» **Dataset excerpt**
= = = =

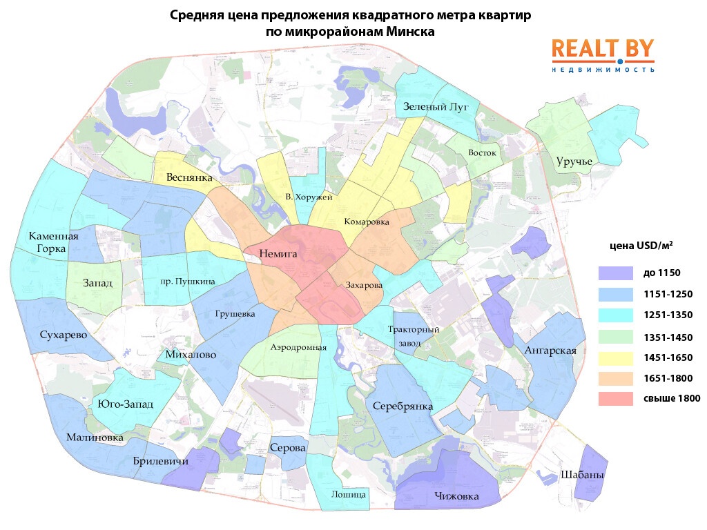 Распределение предложения квартир по районам Минска выглядит следующим образом:
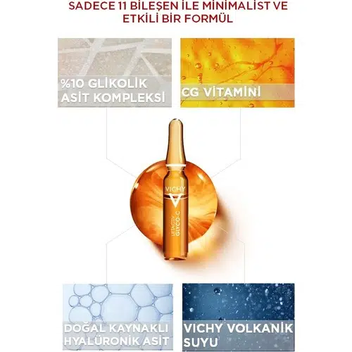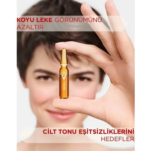 Vichy’den leke görünümünü, cilt tonu eşitisizliklerini ve ışıltı kaybını hedefleyen yeni ampuller. %10 Glikolik Asit Kompleksi ile birleştirilmiş güçlü Vichy Volkanik Suyu ve C Vitamini içeren formülü ile leke görünümünü azaltır. Leke görünümünü azaltan %10 Glikolik Asit Kompleksi, cilde ışıltı katan C vitamini, cildi nemlendiren ve dolgunlaştıran doğal kaynaklı Hyalüronik Asit ve Vichy Volkanik Suyu içeren formül Koyu lekelerin görünümü azalırCilde ışıltı katarDaha eşit gözüken cilt tonuSadece 11 içerikten oluşan minimalist ve etkili formül
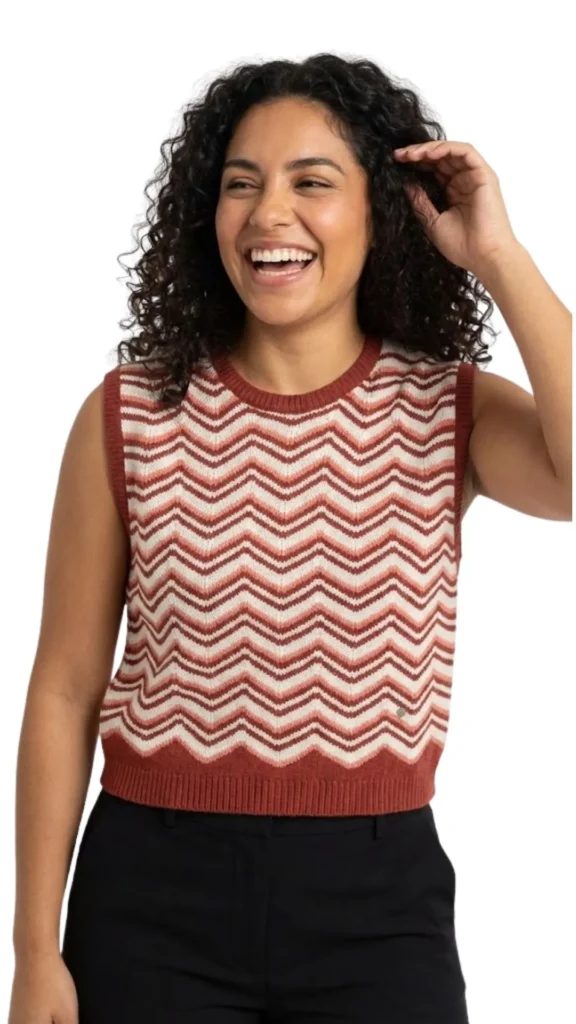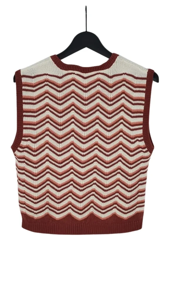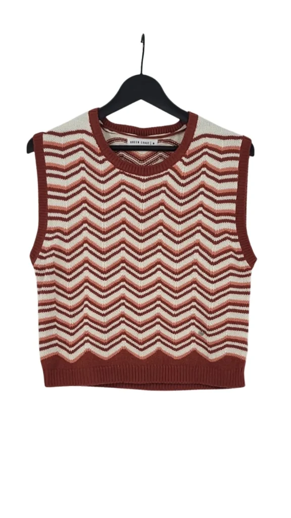 Súmate a la moda de los chalecos (vest trend) con este diseño de Green Coast. Una prenda versátil que aporta color y textura a cualquier conjunto básico, inspirada en la estética de los años 70.
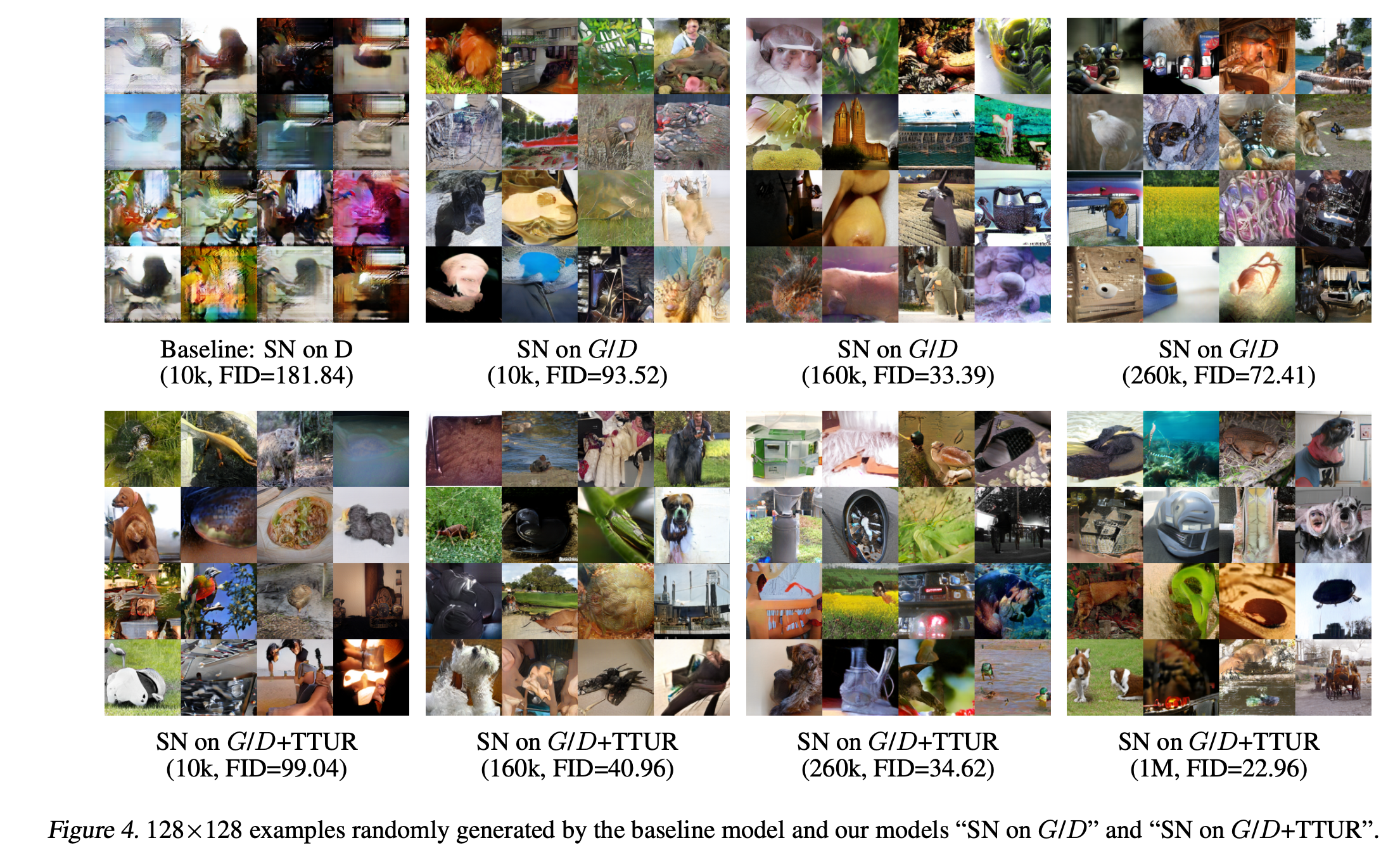 2. 정규화된 Discriminator에서의 느린 학습을 해결하기 위해 Two-timescale update rule(TTUR) 사용

= = = =

» **What you are asked to do**
Excluding pictures, reproduce the listing above exactly as it stands.

» **Exercise response**
 Распределение предложения квартир по районам Минска выглядит следующим образом:
 Vichy’den leke görünümünü, cilt tonu eşitisizliklerini ve ışıltı kaybını hedefleyen yeni ampuller. %10 Glikolik Asit Kompleksi ile birleştirilmiş güçlü Vichy Volkanik Suyu ve C Vitamini içeren formülü ile leke görünümünü azaltır. Leke görünümünü azaltan %10 Glikolik Asit Kompleksi, cilde ışıltı katan C vitamini, cildi nemlendiren ve dolgunlaştıran doğal kaynaklı Hyalüronik Asit ve Vichy Volkanik Suyu içeren formül Koyu lekelerin görünümü azalırCilde ışıltı katarDaha eşit gözüken cilt tonuSadece 11 içerikten oluşan minimalist ve etkili formül
 Súmate a la moda de los chalecos (vest trend) con este diseño de Green Coast. Una prenda versátil que aporta color y textura a cualquier conjunto básico, inspirada en la estética de los años 70.
 2. 정규화된 Discriminator에서의 느린 학습을 해결하기 위해 Two-timescale update rule(TTUR) 사용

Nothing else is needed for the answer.